Ceravision is a privately owned lighting company based in Milton Keynes, UK. Ceravision is the inventor of High Efficiency Plasma (HEP) lighting technology, a new and unique genre of electrodeless lamps, driven by radio frequency (RF) and particularly suited to medium and high power commercial applications.

HEP lighting technology is ideally suited for a number of high-output commercial lighting applications. Ceravision has exploited the ability to use various doses to efficiently deliver tailored spectra for particular applications. The company has launched an HEP plasma grow-light for the horticulture and hydroponics markets that delivers the blue-light, UV-A and UV-B missing from most available grow-light spectrums in the market. However, HEP plasma lighting technology lends itself to several other high-output applications including lighting for: reptile houses; artificial coral growth; insect breeding; TV film and studio; and ultra-violet (UV-C) water sterilisation.

==Electrodeless lamp==
Electrodeless lamps have been recognized, since Nikola Tesla filed a patent in 1894, as having a number of advantages:

- No electrodes to break - so potentially very long life
- No chemical degradation of the electrodes - so much lower lumen loss and discoloration during life
- No reactive chemicals in the light engine to cause material stress and reduced life.

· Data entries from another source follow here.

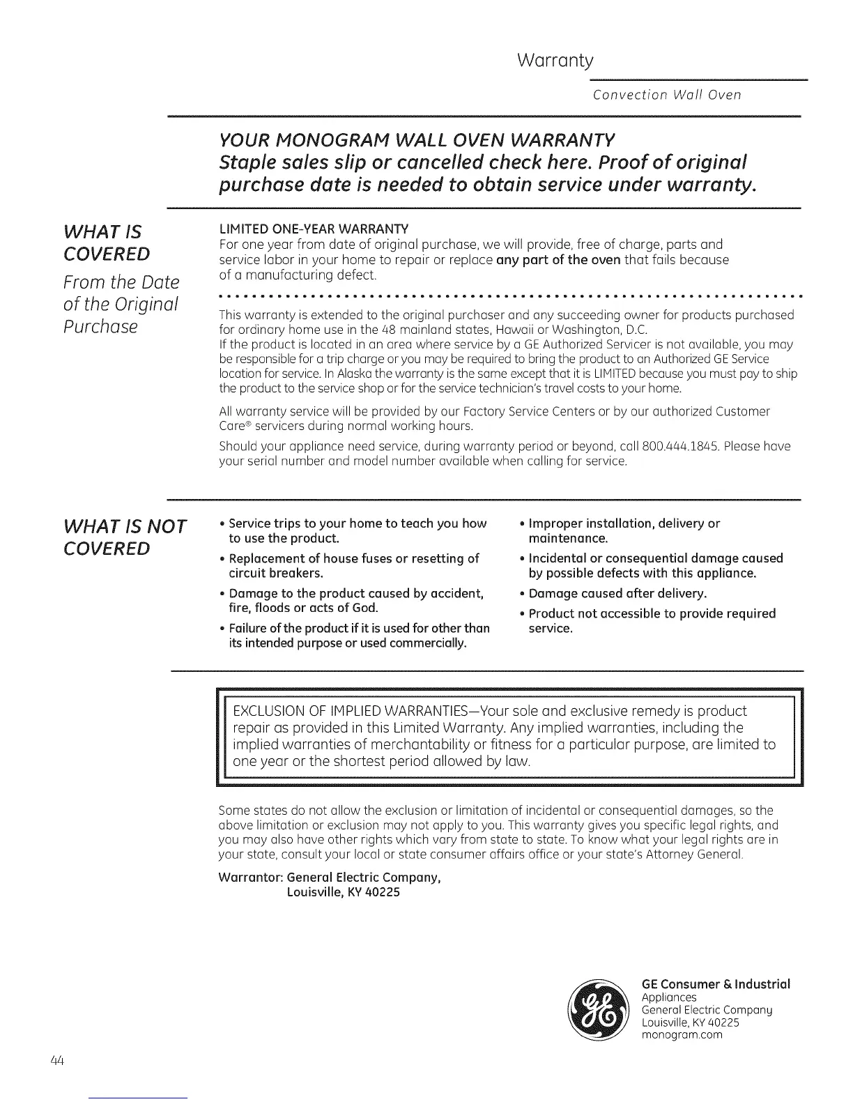 YOUR MONOGRAM WALL OVEN WARRANTY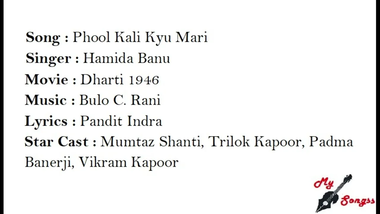 Film Cast Mumtaz Shanti, Trilok Kapoor, Padma Banerji, Vikram Kapoor
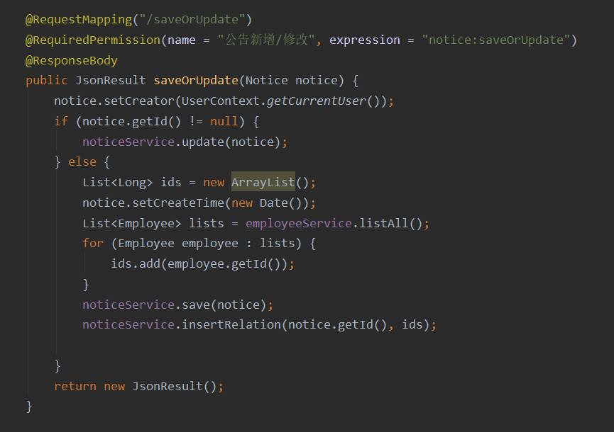- 随后进行中间表新增关系的操作(传2个参数,一个是公告表id,一个是用户们的ids集合进去,在中间表则一波增加数据)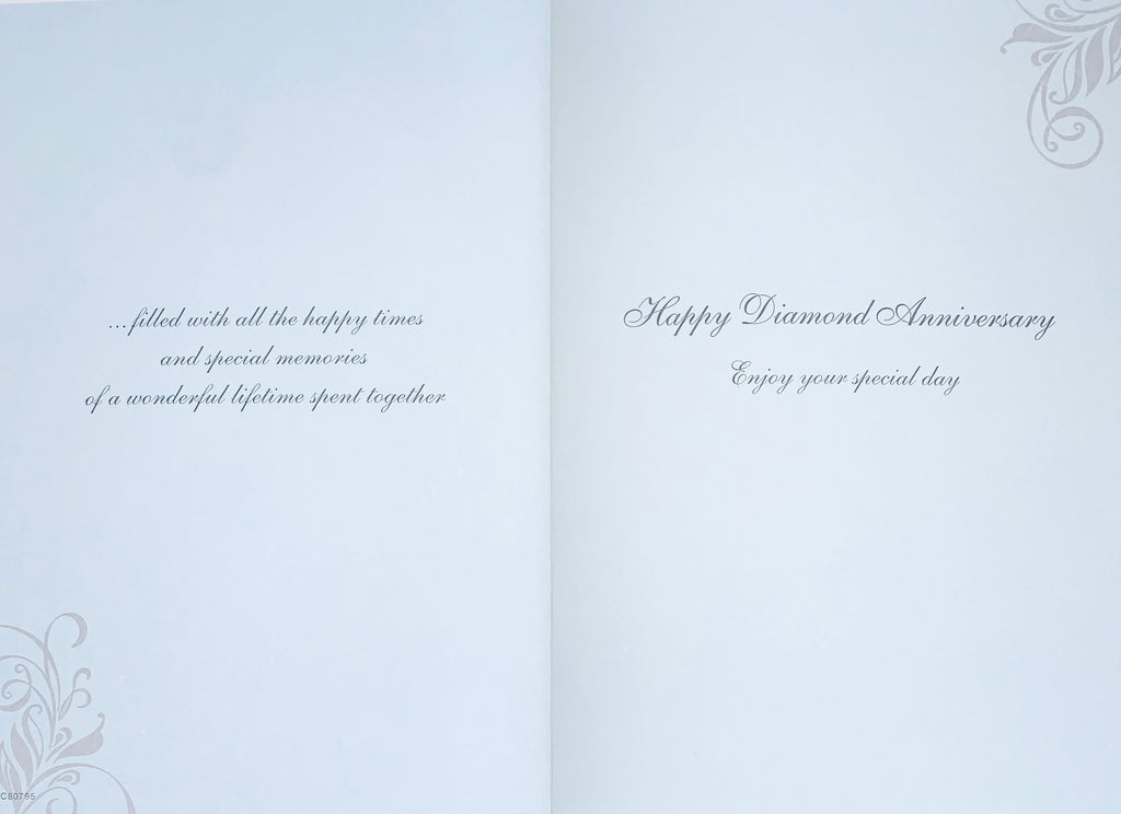 Help them celebrate this remarkable landmark anniversary with this diamond wedding anniversary card. This 60th anniversary card features a heart themed design. This diamond wedding anniversary card features a bright hot foil finish with a full colour insert. This 60th wedding anniversary greeting card is designed and produced in the UK.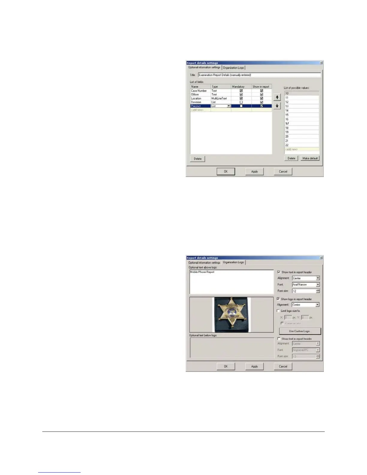 • Show in report– Specifies whether to show this field in the report.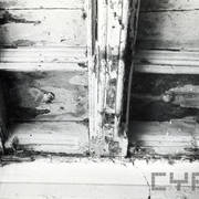 Fragment elewacji zachodniej dawnego klasztoru Reformatów w miejscu połączenia z kościołem św. Kazimierza (pod odpadającymi tynkami widoczne fragmenty dawnej polichromii)10.1957

The inherent problems with constraining the radio waves within the lamp and minimising RF power have been successfully overcome.

==Developments==
Earlier incarnations, such as the sulfur lamp, had been very large. The invention took advantage of the high dielectric constant of ceramic to create a very small waveguide to constrain and focus the radio waves. Though the resulting lamp was small and produced a large number of lumens per watt at the bulb, the lamp efficiency was low since 80-85% of the light generated is trapped inside the opaque ceramic waveguide.

Ceravision's invention was a clear quartz waveguide and integrated lamp, which forms a single piece construction. The generated light can now be collected because the waveguide is optically clear, giving excellent lamp lumens per watt. The integrated burner and waveguide, which is source of light, is very small meaning that it is possible to design exceptionally efficient luminaires. HID (high intensity discharge) luminaires have typical utilization efficiencies of 75%. Fluorescent lamp luminaires have efficiencies of 70% - meaning that 25% and 30% respectively of the light produced by the lamp is wasted. The ionCORE range has utilization efficiencies of more than 90%. The burner is integrated into the thick walled quartz waveguide, high powers from 100 - 5000W's are possible without damage to the lamp.

The second issue - long life, low cost RF generation has been solved using a combination of a magnetron with a specialized controller. Magnetrons are manufactured in large volumes for use in microwave ovens and are able to produce RF power at low cost.

The historic problem with magnetrons had been their short life (the life of a microwave magnetron was typically c.2,000 hours). Ceravision has developed a method of extending the life of magnetrons to over 40,000 hours. Ceravision has an agreement with Toshiba to develop high efficiency magnetrons.

The lamp consists of four integrated elements; a quartz RF resonator and integral plasma burner (lamp), a transition unit (the system which couples the RF source to the resonator), a magnetron, and an AC power supply. The resonator and integrated burner contain an inert gas and metal halide salts. Microwave energy ionizes the gas to form the plasma which combines with the metal halide to vaporize the metal halide salts and produce the light.